Among the lines below, some may contain the string "Butchart". Say how many do, and give nothing besides the number.

▶ [SOURCE MATERIAL]
########################################

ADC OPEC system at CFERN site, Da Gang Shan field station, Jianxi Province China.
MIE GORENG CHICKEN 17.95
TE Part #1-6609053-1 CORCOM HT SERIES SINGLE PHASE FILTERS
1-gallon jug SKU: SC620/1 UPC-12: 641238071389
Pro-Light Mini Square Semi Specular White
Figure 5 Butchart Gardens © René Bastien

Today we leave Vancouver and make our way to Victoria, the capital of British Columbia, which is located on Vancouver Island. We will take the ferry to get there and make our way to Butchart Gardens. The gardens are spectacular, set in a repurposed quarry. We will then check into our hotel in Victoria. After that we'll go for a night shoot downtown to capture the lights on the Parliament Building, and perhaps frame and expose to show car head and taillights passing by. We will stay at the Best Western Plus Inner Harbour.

########################################

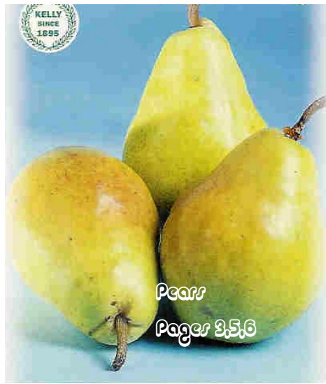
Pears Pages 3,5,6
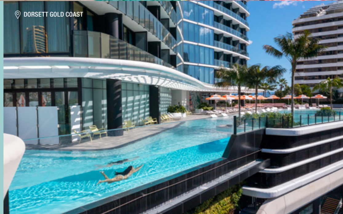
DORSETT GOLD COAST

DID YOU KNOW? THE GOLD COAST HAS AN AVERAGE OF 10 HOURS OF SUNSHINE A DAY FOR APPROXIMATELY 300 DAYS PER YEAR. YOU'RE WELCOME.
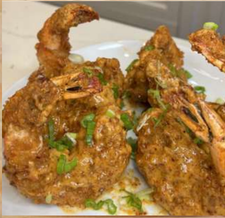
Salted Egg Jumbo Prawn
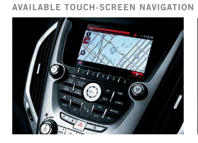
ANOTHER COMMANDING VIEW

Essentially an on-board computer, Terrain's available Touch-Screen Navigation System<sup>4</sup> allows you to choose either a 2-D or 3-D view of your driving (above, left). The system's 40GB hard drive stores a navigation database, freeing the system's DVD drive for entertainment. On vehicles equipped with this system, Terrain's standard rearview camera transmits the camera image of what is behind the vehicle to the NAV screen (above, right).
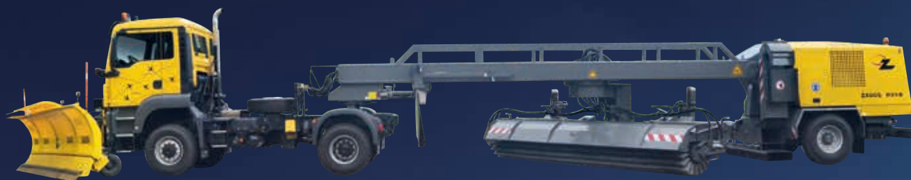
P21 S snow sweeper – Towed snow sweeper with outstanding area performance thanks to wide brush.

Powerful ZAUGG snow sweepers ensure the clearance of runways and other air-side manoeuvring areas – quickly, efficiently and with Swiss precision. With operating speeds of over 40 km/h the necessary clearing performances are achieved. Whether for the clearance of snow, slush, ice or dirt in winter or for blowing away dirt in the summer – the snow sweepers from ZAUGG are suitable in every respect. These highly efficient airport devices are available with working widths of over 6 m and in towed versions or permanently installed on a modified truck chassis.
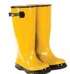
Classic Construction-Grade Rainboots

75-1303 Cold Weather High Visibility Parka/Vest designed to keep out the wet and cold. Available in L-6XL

########################################

▶ [EXERCISE ANSWER]
2